Even Dyakonov, in his clearly pro-Armenian work, takes "as a basis" the opinion of historians that the flies were identical to the Georgian Meskh tribe and only tries to dispute this version very unconvincingly and speculatively. However, neither Dyakons nor other historians present any facts of the Khai origin of flies, other than their own theories and inventions. In the best case, they manage to offer versions of the “foreign-European origin” of flies (these versions are repeated in the material of The Mushki; a lost Armenian tribe ?, but at the same time a sign of equality is put very speculatively between the “Indo-European” and “Hay” origins of the peoples.

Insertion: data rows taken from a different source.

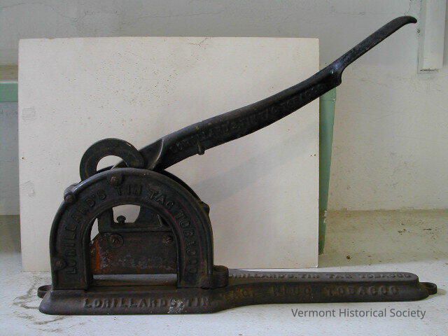 Cast-iron tobacco cutter consisting of a long base and handle. The handle connects to the base between two U-shaped brackets; when pressed down, the handle closes a large metal blade against the base. The bracket is molded with the inscription, "LORILLARD'S TIN TAG TOBACCO". The base and handle are also molded with the same inscription in 6 more places.Context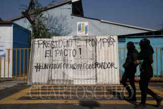 CIUDAD DE MÉXICO, 18FEBRERO2021. - Por la madrugada un grupo de estudiantes mixto del CCH Vallejo que incluye La colectiva Siempre Vivas Vallejo, tomaron las instalaciones del plantel que permanece cerrado por la pandemia causada por COVID-19. La intención de las estudiantes es entablar una mesa de diálogo con los directivos acompañadas de representantes de la Comisión Nacional de Derechos Humanos (CNDH) para que se logren resolver los punto de su pliego petitorio. Este consta de necesidades como el incluir en el planten atención psicológica con perspectiva de género para las alumnas; que se puedan grabar las clases en línea ya que maestros les han prohibido esto haciéndoles saber que puede ser causa de expulsión, según relatan los jóvenes. También piden que se desarrollen opciones para los alumnos que no cuentan con computadora, móvil o Internet para presenciar las clases en línea. Las instalaciones se encuentran en buenas condiciones hasta el momento; salones, cooperativas, pasillos, baños, dirección no han sido intervenidas o dañadas, solo las puertas principales se encuentran bloqueadas con bancas. Según los estudiantes que mantienen la toma ningún directivo se ha acercado para entablar diálogo, sin embargo han sido acosados por docentes que les han tomado foto y video, también les han destruido los carteles que permanecían en la parte de afuera del planten y se les ha amenazado con la expulsión. FOTO: ANDREA MURCIA /CUARTOSCURO.COM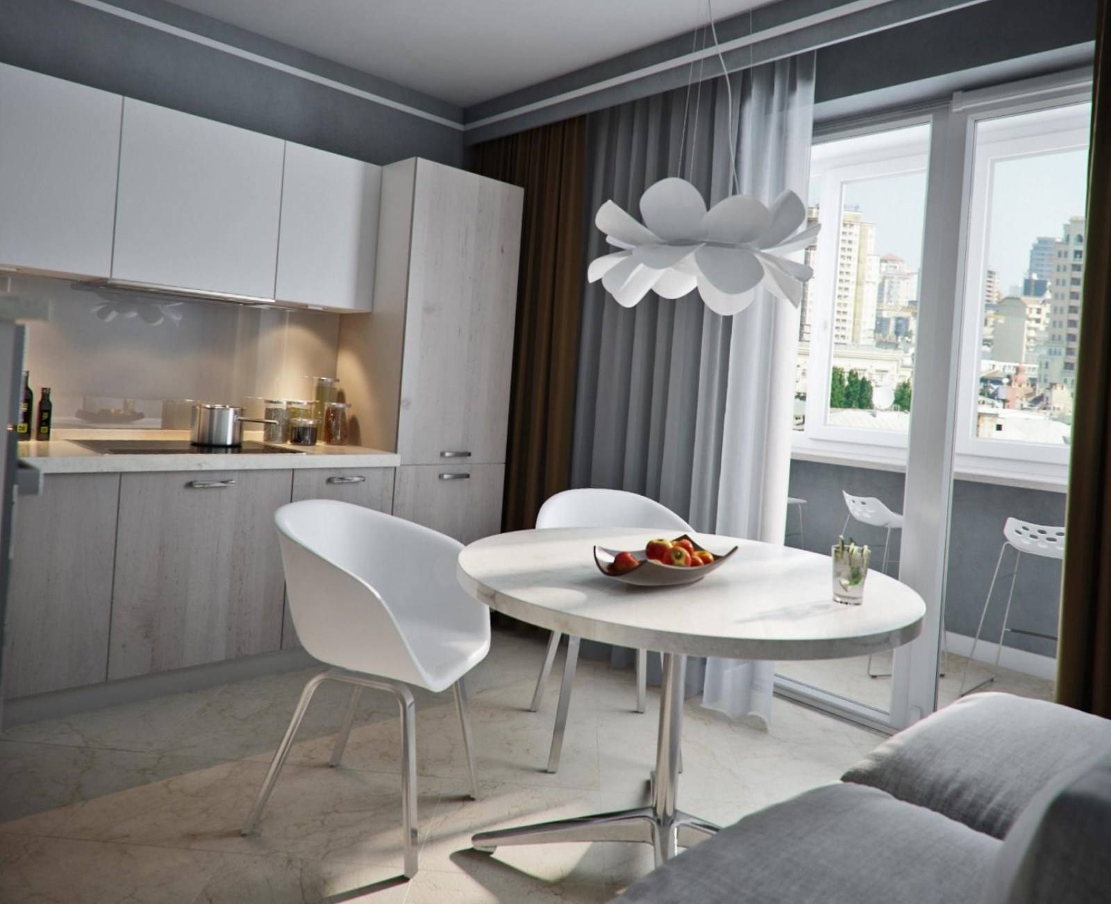 Небольшая кухня тоже может быть стильной. Если вы объединяете ее с балконом, лучше сделать рабочее пространство в основном помещении. На балконе целесообразно установить компактный диван, стол и стулья, либо барную стойку.

But the Indo-European origin is not identical to Armenian! For example, the Indo-Europeans include Kurds and Persians, Indo-Europeans are Russians and Slavs in general, and most of the peoples of Europe, with the exception of the Basques, Hungarians, Finns, and Estonians. But no one seriously thinks to classify the ancestors of today's Persians, Russians, Germans or Swedes as “ancient Armenians”.


It turns out that there is nothing but unfair speculations in the "theory" propagated in Armenia regarding the alleged "Armenian origin" of ancient flies, and there are no inhabitants of ancient Meskheti. However, the fact that in this way, referring to dubious scientists, today Armenian falsifiers are trying to make claims to Georgian lands is a very alarming trend. Especially in light of the growth of separatist sentiments among the Armenians of Samtskhe-Javakheti.